Problem details: Output the data below only from the line containing "2026 අප්‍රේල් 6" up to and including the line containing "If you love", exact and with the pictures left out.

Data:
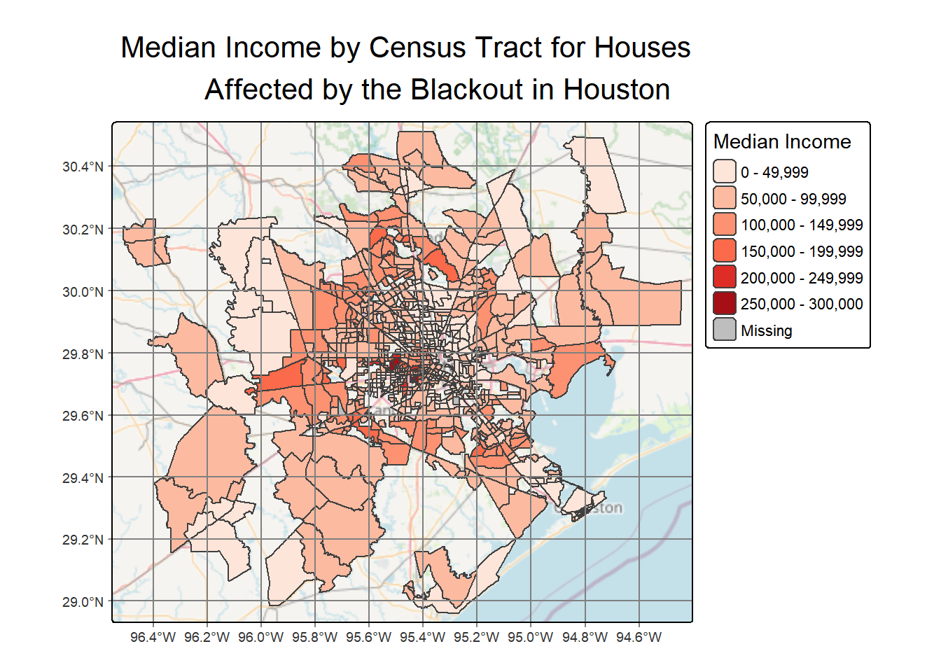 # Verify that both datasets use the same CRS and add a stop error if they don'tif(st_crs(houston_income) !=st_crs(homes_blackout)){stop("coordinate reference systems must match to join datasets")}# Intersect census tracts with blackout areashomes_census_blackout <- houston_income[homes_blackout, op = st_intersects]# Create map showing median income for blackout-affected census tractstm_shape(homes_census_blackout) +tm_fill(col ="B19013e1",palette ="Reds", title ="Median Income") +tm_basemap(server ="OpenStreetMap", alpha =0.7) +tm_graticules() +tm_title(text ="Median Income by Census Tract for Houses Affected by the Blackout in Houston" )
...
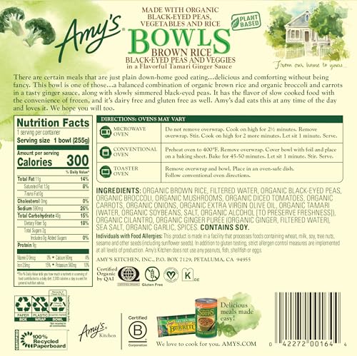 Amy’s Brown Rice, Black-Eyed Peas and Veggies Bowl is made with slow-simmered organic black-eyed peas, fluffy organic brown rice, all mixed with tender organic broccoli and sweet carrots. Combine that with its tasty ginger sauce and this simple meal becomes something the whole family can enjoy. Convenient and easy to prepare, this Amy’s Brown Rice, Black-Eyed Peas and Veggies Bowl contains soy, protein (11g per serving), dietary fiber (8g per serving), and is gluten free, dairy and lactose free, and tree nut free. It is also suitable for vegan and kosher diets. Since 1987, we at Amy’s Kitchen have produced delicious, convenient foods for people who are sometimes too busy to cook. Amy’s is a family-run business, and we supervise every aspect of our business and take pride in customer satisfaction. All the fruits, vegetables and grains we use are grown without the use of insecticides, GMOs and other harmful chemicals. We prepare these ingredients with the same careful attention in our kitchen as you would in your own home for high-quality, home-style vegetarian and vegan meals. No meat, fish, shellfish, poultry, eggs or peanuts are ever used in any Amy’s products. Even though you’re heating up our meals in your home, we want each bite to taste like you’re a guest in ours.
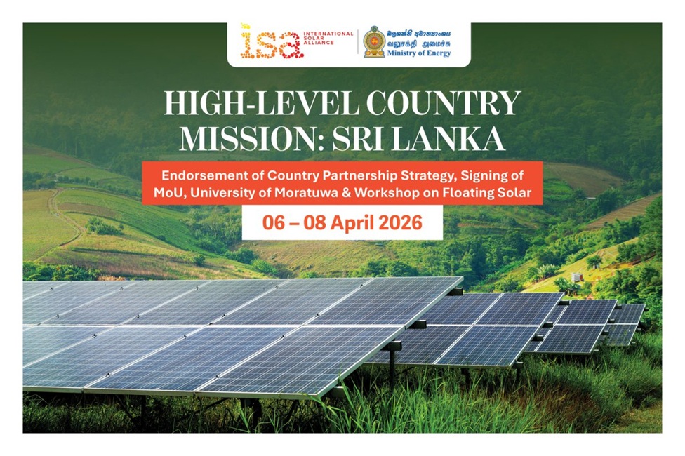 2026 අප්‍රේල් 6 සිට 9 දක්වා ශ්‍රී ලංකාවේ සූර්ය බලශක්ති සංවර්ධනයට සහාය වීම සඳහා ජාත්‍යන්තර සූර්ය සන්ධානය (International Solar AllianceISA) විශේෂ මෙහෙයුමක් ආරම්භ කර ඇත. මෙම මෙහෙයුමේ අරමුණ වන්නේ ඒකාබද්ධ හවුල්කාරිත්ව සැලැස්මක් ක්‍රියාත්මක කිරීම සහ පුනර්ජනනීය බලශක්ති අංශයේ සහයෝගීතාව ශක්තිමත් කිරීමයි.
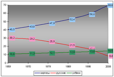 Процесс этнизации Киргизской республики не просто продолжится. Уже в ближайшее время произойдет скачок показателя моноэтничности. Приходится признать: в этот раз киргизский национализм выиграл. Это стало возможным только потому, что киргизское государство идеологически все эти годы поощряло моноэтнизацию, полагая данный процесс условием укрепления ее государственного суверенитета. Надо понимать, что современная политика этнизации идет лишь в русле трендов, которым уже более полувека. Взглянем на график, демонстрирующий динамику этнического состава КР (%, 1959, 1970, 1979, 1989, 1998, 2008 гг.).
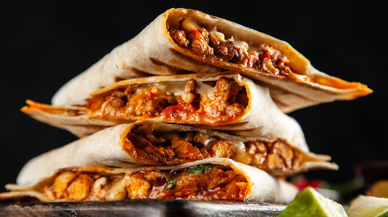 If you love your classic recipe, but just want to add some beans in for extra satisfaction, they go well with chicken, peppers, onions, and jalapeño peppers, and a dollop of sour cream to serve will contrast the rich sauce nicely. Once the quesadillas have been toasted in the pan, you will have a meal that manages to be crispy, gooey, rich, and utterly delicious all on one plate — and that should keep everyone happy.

Solution to this exercise:
 2026 අප්‍රේල් 6 සිට 9 දක්වා ශ්‍රී ලංකාවේ සූර්ය බලශක්ති සංවර්ධනයට සහාය වීම සඳහා ජාත්‍යන්තර සූර්ය සන්ධානය (International Solar AllianceISA) විශේෂ මෙහෙයුමක් ආරම්භ කර ඇත. මෙම මෙහෙයුමේ අරමුණ වන්නේ ඒකාබද්ධ හවුල්කාරිත්ව සැලැස්මක් ක්‍රියාත්මක කිරීම සහ පුනර්ජනනීය බලශක්ති අංශයේ සහයෝගීතාව ශක්තිමත් කිරීමයි.
 Процесс этнизации Киргизской республики не просто продолжится. Уже в ближайшее время произойдет скачок показателя моноэтничности. Приходится признать: в этот раз киргизский национализм выиграл. Это стало возможным только потому, что киргизское государство идеологически все эти годы поощряло моноэтнизацию, полагая данный процесс условием укрепления ее государственного суверенитета. Надо понимать, что современная политика этнизации идет лишь в русле трендов, которым уже более полувека. Взглянем на график, демонстрирующий динамику этнического состава КР (%, 1959, 1970, 1979, 1989, 1998, 2008 гг.).
 If you love your classic recipe, but just want to add some beans in for extra satisfaction, they go well with chicken, peppers, onions, and jalapeño peppers, and a dollop of sour cream to serve will contrast the rich sauce nicely. Once the quesadillas have been toasted in the pan, you will have a meal that manages to be crispy, gooey, rich, and utterly delicious all on one plate — and that should keep everyone happy.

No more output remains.